### Exercise data
===============

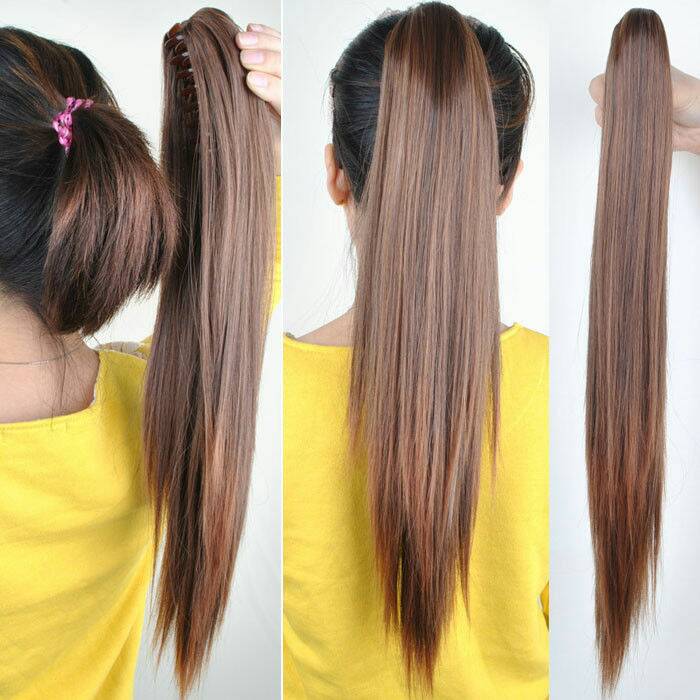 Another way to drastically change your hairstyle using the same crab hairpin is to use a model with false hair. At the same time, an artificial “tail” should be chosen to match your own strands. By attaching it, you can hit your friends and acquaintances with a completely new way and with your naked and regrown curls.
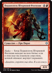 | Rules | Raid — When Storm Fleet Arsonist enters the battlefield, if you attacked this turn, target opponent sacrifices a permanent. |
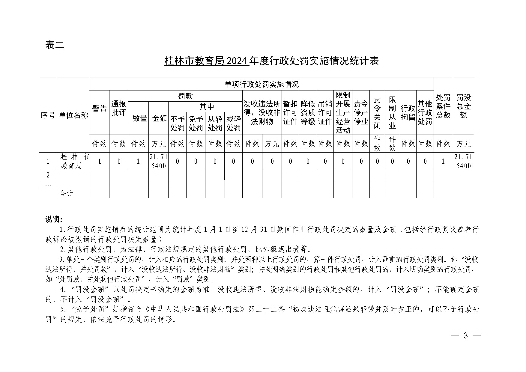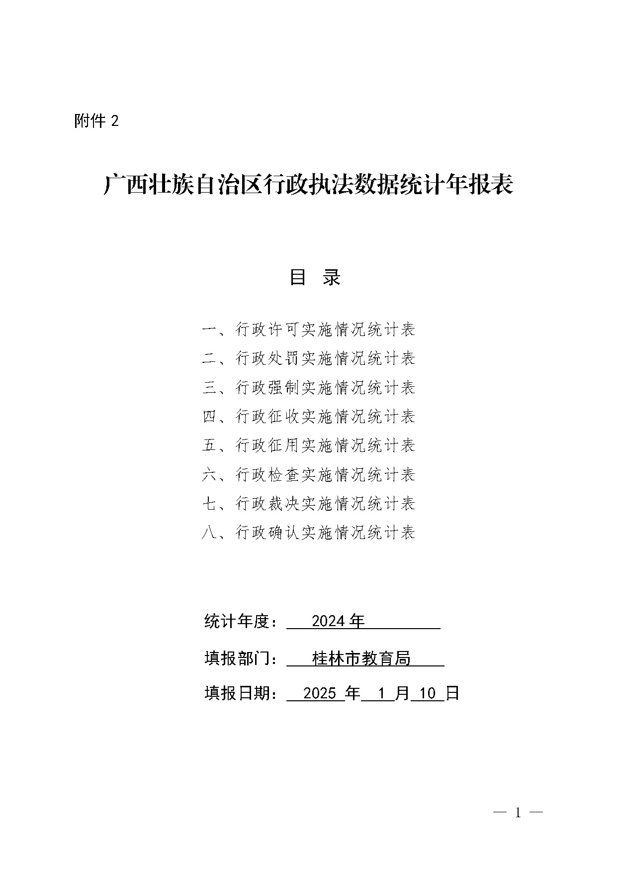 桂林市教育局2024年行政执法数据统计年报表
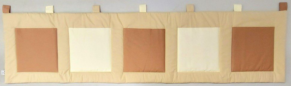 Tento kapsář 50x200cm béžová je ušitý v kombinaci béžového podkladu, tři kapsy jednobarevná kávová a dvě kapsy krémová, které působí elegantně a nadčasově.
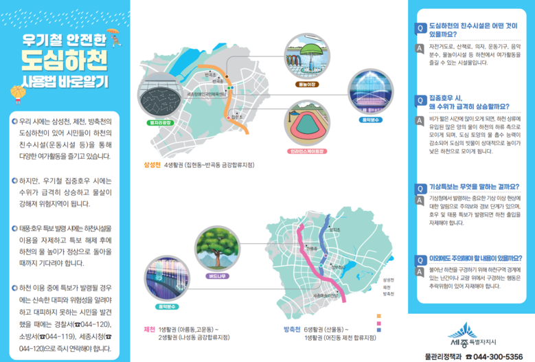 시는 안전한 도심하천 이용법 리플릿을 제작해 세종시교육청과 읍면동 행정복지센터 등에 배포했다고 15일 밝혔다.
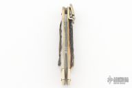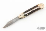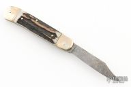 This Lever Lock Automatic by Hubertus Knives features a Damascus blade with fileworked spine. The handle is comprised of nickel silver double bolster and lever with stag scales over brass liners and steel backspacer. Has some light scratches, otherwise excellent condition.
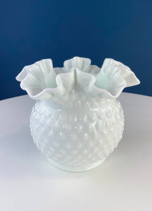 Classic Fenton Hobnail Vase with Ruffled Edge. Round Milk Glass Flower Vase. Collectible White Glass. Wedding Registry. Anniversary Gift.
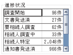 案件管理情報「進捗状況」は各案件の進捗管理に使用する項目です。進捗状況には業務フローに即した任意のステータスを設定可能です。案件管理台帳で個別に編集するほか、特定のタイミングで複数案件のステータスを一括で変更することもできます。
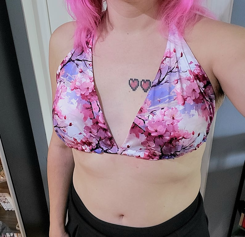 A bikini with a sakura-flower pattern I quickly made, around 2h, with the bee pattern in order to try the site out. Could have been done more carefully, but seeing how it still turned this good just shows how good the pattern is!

===============

### Goal of the exercise
Reproduce exactly the lines above starting at the line containing "Classic Fenton Hobnail" and ending at the line containing "案件管理情報「進捗状況」は各", including both, but not the pictures.

### Answer to this task
 Classic Fenton Hobnail Vase with Ruffled Edge. Round Milk Glass Flower Vase. Collectible White Glass. Wedding Registry. Anniversary Gift.
 案件管理情報「進捗状況」は各案件の進捗管理に使用する項目です。進捗状況には業務フローに即した任意のステータスを設定可能です。案件管理台帳で個別に編集するほか、特定のタイミングで複数案件のステータスを一括で変更することもできます。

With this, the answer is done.